Эльфрида и Фиделис ответили в один голос:
– Он в Летнем дворце.
– Смещен с командования и сослан, – добавила Эльфрида, – судя по тому, что мы узнали от его солдат. И еще от кое-кого, кто видел его там.
– Согласен, – подтвердил Фиделис. – Некоторые из его солдат умудряются приходить на исповедь по-прежнему По большей части они каются в том, что их разбирает гнев от того, как обошлись с принцем, и что они ненавидят нового командира. Императора.
– А им ты что говорил? – спросила Эльфрида. Верит ответила прежде, чем он успел что-нибудь сказать.
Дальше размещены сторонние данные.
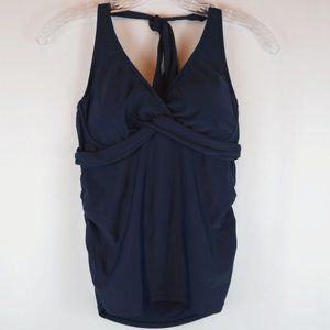 Athleta Tankini Tara Top Navy Blue Halter Tie Swim Top Swimsuit Underwire Lightly Padded Removable Cups

– Я этого и боялась, – мрачно сказала она. – Я пыталась его предупредить, но, боюсь, он не сумел избежать ловушки Да и не мог. Возможно, сейчас, будучи в опале, он в большей безопасности, чем раньше.
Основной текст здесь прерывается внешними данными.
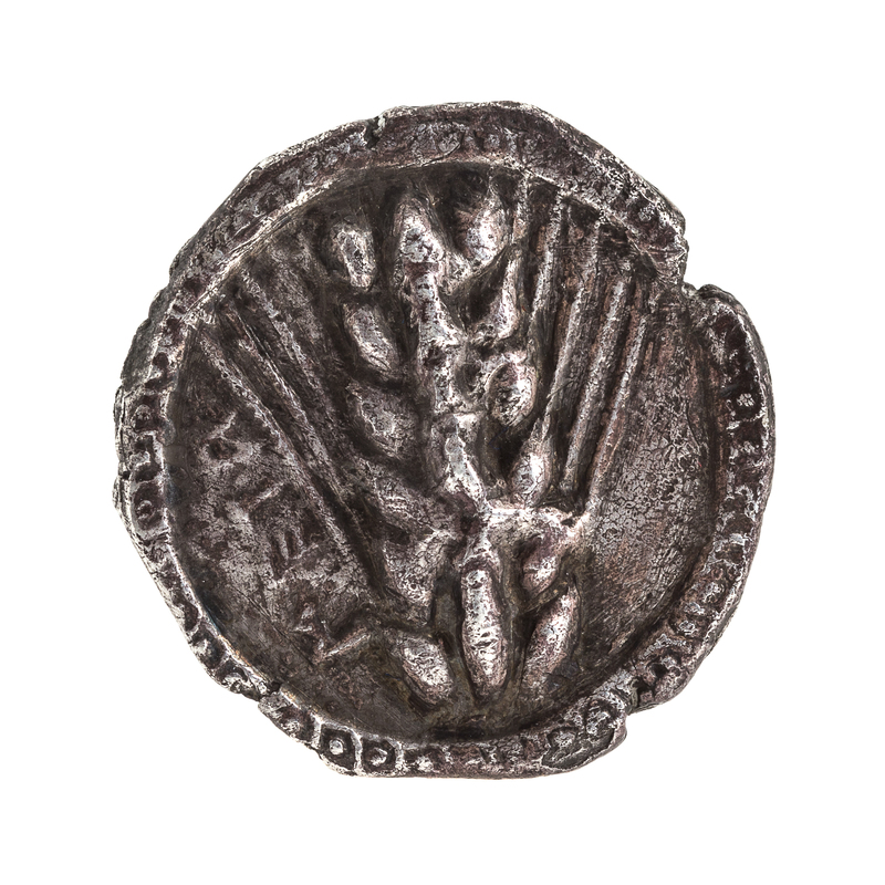 Featuring an ear of barley on the obverse, incuse image on reverse.

– Значит, он не сможет выполнить своего обещания, что на нас больше не нападут, – сказала Козима.
– У него, во-первых, никогда не было такой власти, – сказала Верит. – И ему хватило ума пообещать это только на то время, пока он будет командовать. Но пока нас не тропит – Когда они сочтут, что весь город уже у них под сапогом, могут взяться и за нас, – негромко сказал Фиделис.
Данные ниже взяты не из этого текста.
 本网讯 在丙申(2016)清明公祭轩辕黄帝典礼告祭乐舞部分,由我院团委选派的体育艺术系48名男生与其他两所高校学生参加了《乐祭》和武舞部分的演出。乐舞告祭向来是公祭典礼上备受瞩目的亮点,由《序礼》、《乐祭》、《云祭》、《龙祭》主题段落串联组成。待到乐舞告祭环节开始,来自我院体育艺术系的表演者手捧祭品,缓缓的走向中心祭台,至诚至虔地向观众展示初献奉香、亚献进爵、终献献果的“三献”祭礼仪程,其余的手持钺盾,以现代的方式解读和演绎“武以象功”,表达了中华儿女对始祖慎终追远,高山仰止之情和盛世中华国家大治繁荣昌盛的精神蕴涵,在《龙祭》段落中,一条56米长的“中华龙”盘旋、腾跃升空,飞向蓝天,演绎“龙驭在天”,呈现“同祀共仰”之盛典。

«А не был ли он прежде солдатом?» – спросила себя Эльфрида. Потом подумала, сколько еще из братии до ухода в Храм имели военный опыт. Он еще может пригодиться.
– Согласна, – сказала Верит. – Давайте посмотрим, что нынешней ночью поделывает Аполон.
В часовне не было центрального алтаря, так что она положила стекло на пол посередине комнаты, и все они уселись вокруг него. Старым костям Эльфриды приходилось несладко, сидеть было неудобно, но она надеялась, что это все продлится недолго.
Видение появилось быстро, и Эльфрида первой определила, где именно находится Аполон. Ей много лет приходилось посещать по торжественным случаям Дома гильдий.
– Это же Кабанье подворье! Что он там делает? Он же поселился в покоях принцессы-наследницы в Большом дворце!
– Нет, он явно переехал сюда, – мягко заметила Козима.
Она была права. В комнате с одной стороны стоял диван, рядом письменный стол, заваленный какими-то рукописями. На полу в самой середине комнаты был начертан разомкнутый круг, в котором стояла бронзовая трубка, наполненная жидкостью, подозрительно напоминавшей кровь. В ней стоял деревянный посох, и пока они смотрели, уровень жидкости в трубке заметно опустился, словно посох пил ее. Но дерево не может впитывать жидкость так быстро!
Аполон стоял у дверей, разговаривая с одним из своих черных стервятников.
– Приведи моих пленников и всех крепких мужчин, которых сумеешь поймать на улицах между закатом и полуночью, – приказал он.
Нормальный человек спросил бы зачем, но черный просто кивнул и молча пошел прочь.
– Я бы сказал, что этот – мертвец, – почти прошептал Фиделис.
– Думаю, ты прав, – промолвила Верит, роняя руки. Видение погасло. – Мы встретимся здесь, чтобы увидеть, что Аполон собирается сделать с этими людьми.